The U.S. Embassy in Turkey has deleted statements it had made on its official Twitter account on June 7 disputing comments made by Turkish Prime Minister Recep Tayyip Erdogan about the Occupy Wall Street movement in the United States.
During a European Union conference in Istanbul on June 7, Erdogan lashed out at criticism by the EU regarding the excessive force used against antigovernment demonstrators in Istanbul.
“Those who try to lecture us, what did they do about the Wall Street incidents?" Erdogan asked. "Tear gas, the death of 17 people happened there. What was the reaction?"
According to the Istanbul-based "Hurriyet Daily News,"
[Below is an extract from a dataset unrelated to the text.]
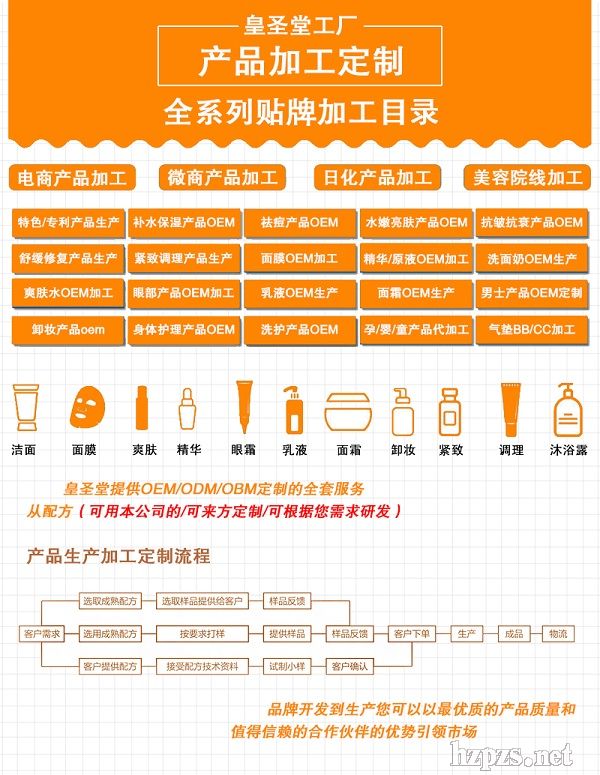 山東皇圣堂化妝品代加工廠家:面膜代加工 精華代加工 械字號面膜加工 祛痘霜代加工 彩妝代加工;化妝品代理:面膜代理 水乳霜代理 口紅代理 祛痘套盒代理 精華液原液代理等等;oem/odm:代加工膏藥、乳膏、化妝品、面膜、彩妝、水凝膠、藥粉、藥包、噴劑、保健品貼牌加工各種產(chǎn)品歡迎來電咨詢。
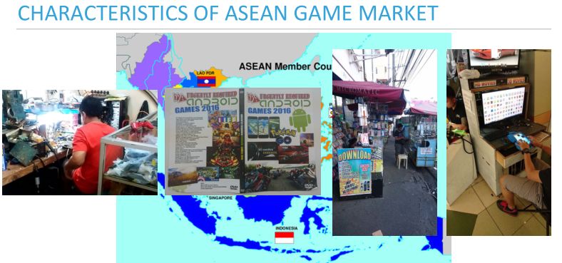 泰国,PC和手游市场有非常好的平衡。越南,有很多的中国游戏公司都在那卖游戏,游戏机市场非常小,几乎为零。印尼是一个非常有潜力的市场,我拍了照片,是印度尼西亚修理游戏的小作坊,这个盘不光用于PC,还可以用于手游。菲律宾有下载店,比如说买了手机,在下载店待一个小时,就可以下载一百多个应用。去菲律宾、印尼这样的国家都可以找到软件下载店。所以如果只是在Google Play或者App Store上线游戏,机会就缺失了。

approximately an hour later the U.S. Embassy in Ankara tweeted the following on its official Twitter account in both English and Turkish.
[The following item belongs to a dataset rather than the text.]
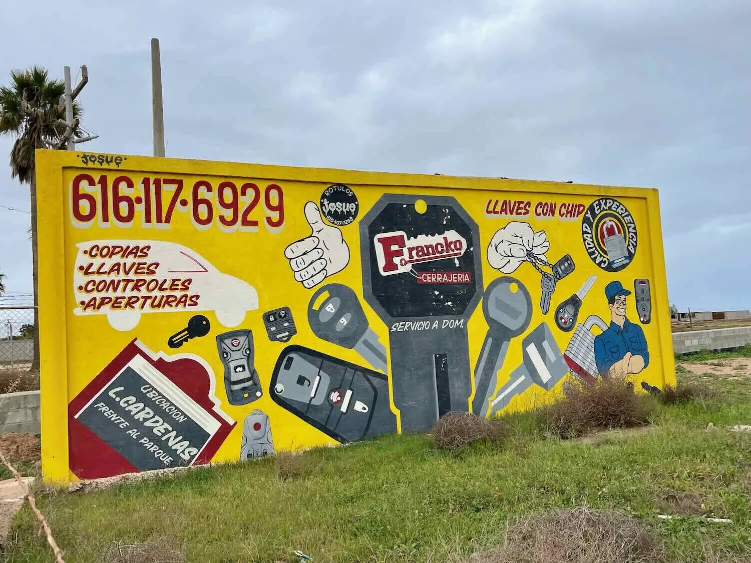 Billboards along Highway 1 promote local businesses with bright colors and lively images evoking the products and services for sale. Santa Fe, Baja California, Mexico. Copyright © 2019-2023 Pedals and Puffins.

"Reports related to the U.S. Occupy Wall Street movement are inaccurate," the tweet said. "No U.S. deaths resulted from police actions in #OWS."
The U.S. Embassy tweet can be seen on the left:
"Hurriyet Daily News" also reports that U.S. Embassy officials have confirmed that the tweets were, indeed, deleted but added that they stand by their statement.
Al-Jazeera's live blog
on the protests in Turkey also took note of the U.S. Embassy's tweet on June 7.
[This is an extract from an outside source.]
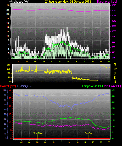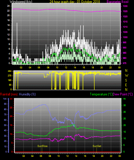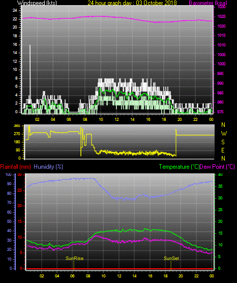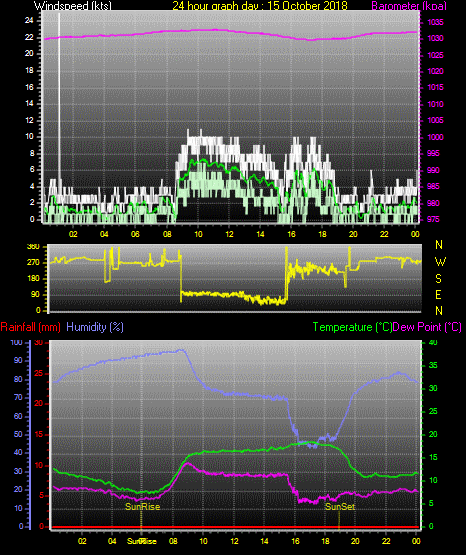 Maximum windspeed = 15.0 kts from 225 °( SW) on day 31 at time 03:33

The Occupy Wall Street Movement, which began in New York City in September 2011, united protesters in a fight against social and economic inequality.
For more than a week now, antigovernment demonstrations have been taking place in Istanbul and other Turkish cities, leaving three dead and hundreds injured.
Some have likened the protests in Turkey to the Occupy Wall Street movement in the United States.
On Twitter, one of the most prominent hashtags concerning the protests has been #OccupyGezi
The protests in Turkey began with peaceful demonstrations against a development project that would destroy Gezi Park, one of the few remaining green areas in central Istanbul.
These demonstrations subsequently morphed into widespread protests against Erdogan's rule following a violent crackdown by the police on May 31.